Hepatic Impairment: Data in patients with severe hepatic impairment are limited. Biotransformation of nabumetone to 6MNA and the further metabolism of 6MNA to inactive metabolites is dependent on hepatic function and could be reduced in patients with severe hepaticimpairment (history of or biopsy-proven cirrhosis).
Special Studies: Gastrointestinal: Nabumetone was compared to aspirin in inducing gastrointestinal blood loss. Food intake was not monitored. Studies utilizing 51 Cr-tagged red blood cells in healthy males showed no difference in fecal blood loss after 3 or 4 weeks’ administration of 1,000 mg or 2,000 mg of nabumetone daily when compared to either placebo-treated or nontreated subjects.

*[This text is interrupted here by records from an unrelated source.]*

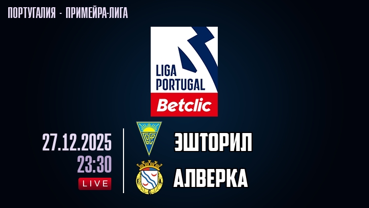 27 декабря 2025 года, мы предлагаем посмотреть онлайн трансляцию футбольного матча между футбольным клубом Эшторил и футбольным клубом Алверка, проходящего в рамках Примейра-лиги Португалии.
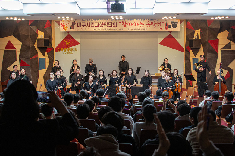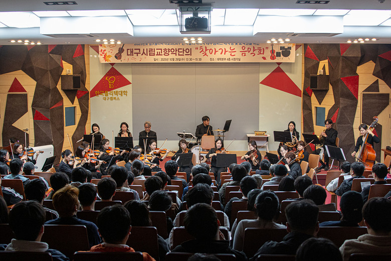 ▸ 한국폴리텍대학 학생 예술 향유 및 융합형 인재양성 위한 상생 협력의 첫걸음 [세계타임즈=대구 한윤석 기자] 대구문화예술진흥원(이하 ‘진흥원’) 산하 대구시립교향악단(음악감독 겸 상임지휘자 백진현)이 10월 29일(수) 한국폴리텍대학 대구캠퍼스(학장직무대행 노진호, 이하 ‘폴리텍대학’) 본부 4층 시청각실에서 올해 마지막 ‘찾아가는 음악회’를 성료했다.
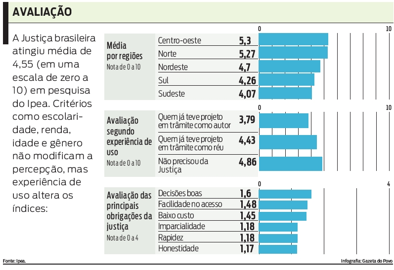 Em uma escala de zero a 10, a Justiça brasileira recebeu nota média de 4,55 da população, mostra pesquisa realizada pelo Instituto de Pesquisa Econômica Aplicada (Ipea) divulgada ontem. Considerando a avaliação como "crítica", o estudo indica a demora para resolver casos aliada à falta de imparcialidade e de honestidade dos integrantes do sistema judiciário como principais falhas. Não é a primeira vez que a justiça fica "abaixo da média": no ano passado, o sistema judiciário alcançou 5,6 pontos (em escala de 0 a 10) no Índice de Confiança na Justiça (ICJ Brasil), calculado pela Fundação Getulio Vargas (FGV) em razão da falta de qualidade e dificuldade de acesso.No recorte por regiões, a Centro-oeste atribuiu a maior nota à Justiça (5,30) e a Sudeste, a pior (4,07). A pesquisa não explica os motivos para tal divergência. Nos números, o estudo não apresenta diferenças consideráveis na análise levando em conta aspectos específicos, como renda, escolaridade, sexo, idade e raça/etnia. Os brasileiros de renda menor, porém, deram notas maiores à Justiça: 4,61 para classe E (renda de até dois salários mínimos); 4,62 para classe D (entre dois e cinco salários); enquanto a classe B (entre 10 e 20) atribuiu nota 4,5; e a classe A (mais de 20) deu a nota 4,43.
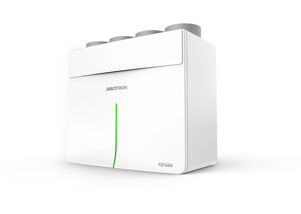 JABLOTRON FUTURA je moderní centrální rekuperační jednotka pro rodinné nízkoenergetické domy. Zajišťuje řízené větrání s vysokou účinností zpětného zisku tepla a vlhkosti, čerstvý vzduch bez zbytečných tepelných ztrát a s nízkou spotřebu energie. Nová FUTURA L+ je tišší a dosahuje ještě vyšší účinnosti rekuperace, což zvyšuje komfort a úsporu energií.

In contrast, aspirin 3,600 mg daily produced an increase in fecal blood loss when compared to subjects who received nabumetone, placebo, or no treatment. The clinical relevance of the data is unknown.

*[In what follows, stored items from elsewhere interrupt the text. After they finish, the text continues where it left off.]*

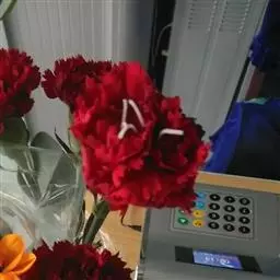2、开放度小:一手捏住花头底部,另一手用食指侧面轻轻用力拨花头外侧的花瓣,这样花就开大了。不可以用手去拨花心,让康乃馨泡水后慢慢开放即可。
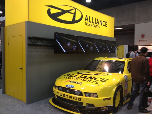 Alliance Truck Parts gets attention with their bright yellow and black color scheme and their sponsored race car at their booth.
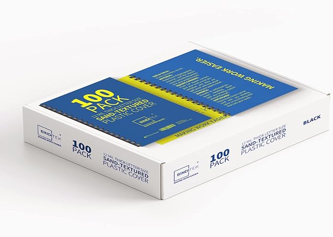 Binditek 100 Pack 12 Mil Sand-Textured Polycover - Plastic Binding Cover for Letter Size - Lightly Sanded Finish - Business Reports and Proposals - Square Corners, Un-Punched, Black
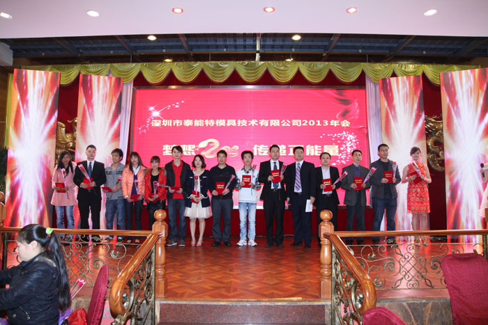 2013年元月30日,公司組織了“夢(mèng)想2013 傳遞正能量” 2012泰能特公司年會(huì) ,會(huì)上頒發(fā)了:2012年度優(yōu)秀員工、先進(jìn)集體、模具制造獎(jiǎng)。
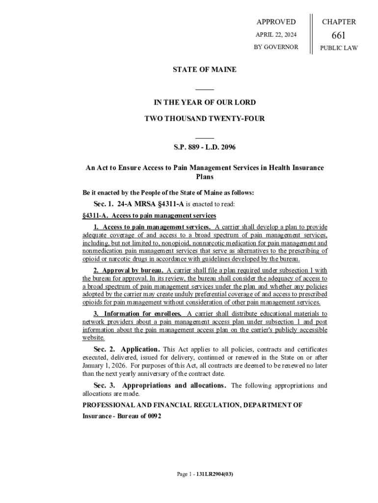 Get the free Title 24-A, 4311-A: Access to pain management services - legislature maine

The following endoscopy trials entered patients who had been previously treated with NSAIDs. These patients had varying baseline scores and different courses of treatment. The trials were not designed to correlate symptoms and endoscopy scores. The clinical relevance of these endoscopy trials, i.e., either G.I. symptoms or serious G.I. events, is not known.

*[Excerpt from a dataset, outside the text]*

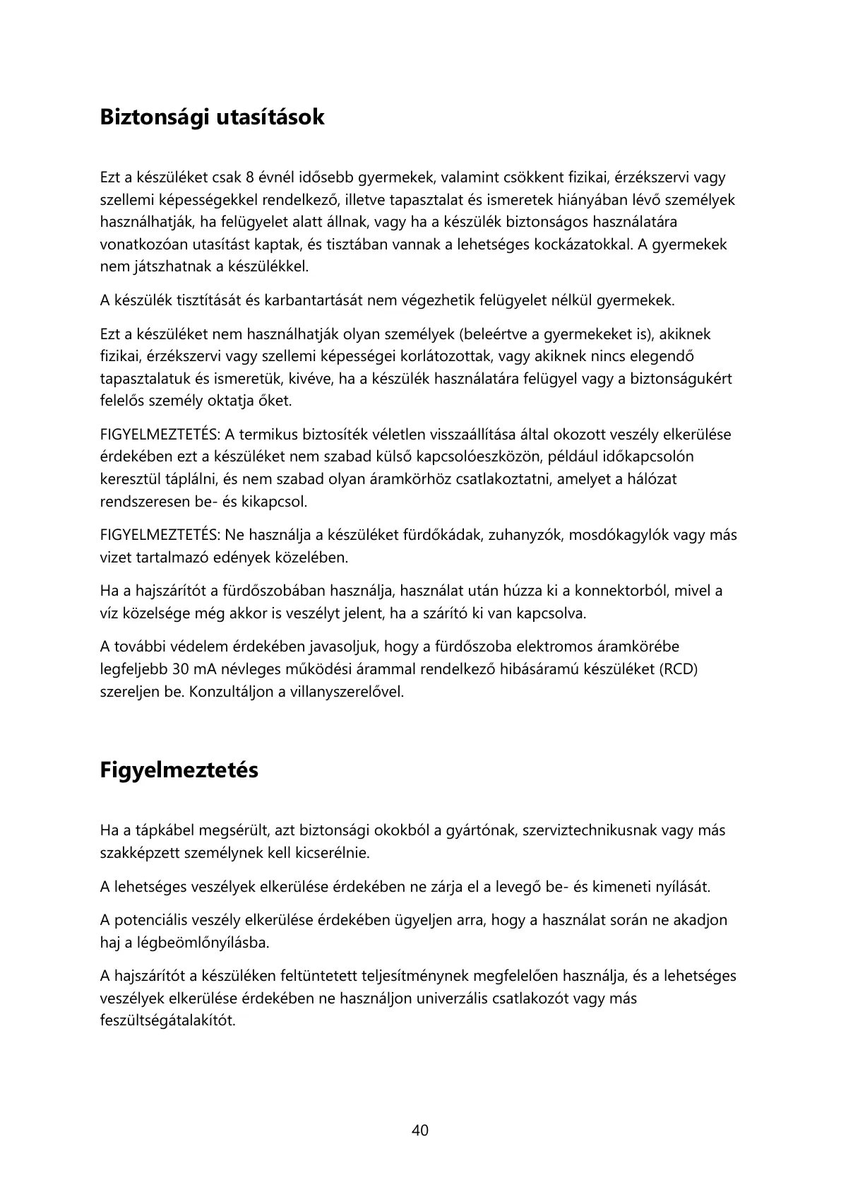 A készülék tisztítását és karbantartását nem végezhetik felügyelet nélkül gyermekek.
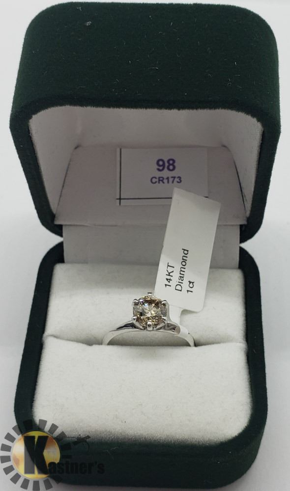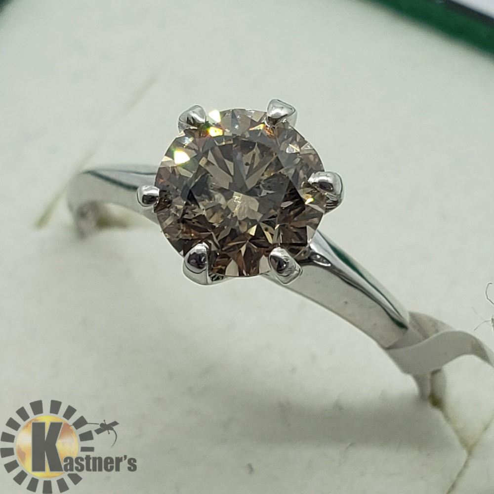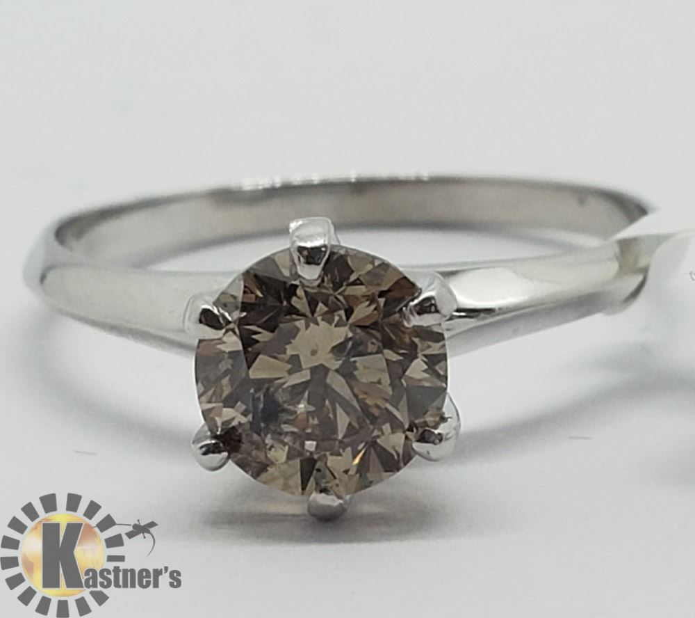 #98-CR173:R3200: 14K WHITE GOLD DIAMOND (I1,FANCY BROWN, 1CT) RING. - JEWELRY.

Ten endoscopy studies were conducted in 488 patients who had baseline and post-treatment endoscopy. In 5 clinical trials that compared a total of 194 patients on 1,000 mg of nabumetone daily or naproxen 250 mg or 500 mg twice daily for 3 to 12 weeks, treatment with nabumetone resulted in fewer patients with endoscopically detected lesions (>3 mm). In 2 trials a total of 101 patients administered 1,000 mg or 2,000 mg of nabumetone daily or piroxicam 10 mg to 20 mg for 7 to 10 days, there were fewer patients treated with nabumetone with endoscopically detected lesions. In 3 trials of a total of 47 patients on 1,000 mg of nabumetone daily or indomethacin 100 mg to 150 mg daily for 3 to 4 weeks, the endoscopy scores were higher with indomethacin. Another 12-week trial in a total of 171 patients compared the results of treatment with 1,000 mg of nabumetone daily to ibuprofen 2,400 mg/day and ibuprofen 2,400 mg/day plus misoprostol 800 mcg/day. The results showed that patients treated with nabumetone had a lower number of endoscopically detected lesions (>5 mm) than patients treated with ibuprofen alone but comparable to the combination of ibuprofen plus misoprostol. The results did not correlate with abdominal pain.
Other: In 1-week, repeat-dose studies in healthy volunteers, 1,000 mg of nabumetone daily had little effect on collagen-induced platelet aggregation and no effect on bleeding time. In comparison, naproxen 500 mg daily suppressed collagen-induced platelet aggregation and significantly increased bleeding time.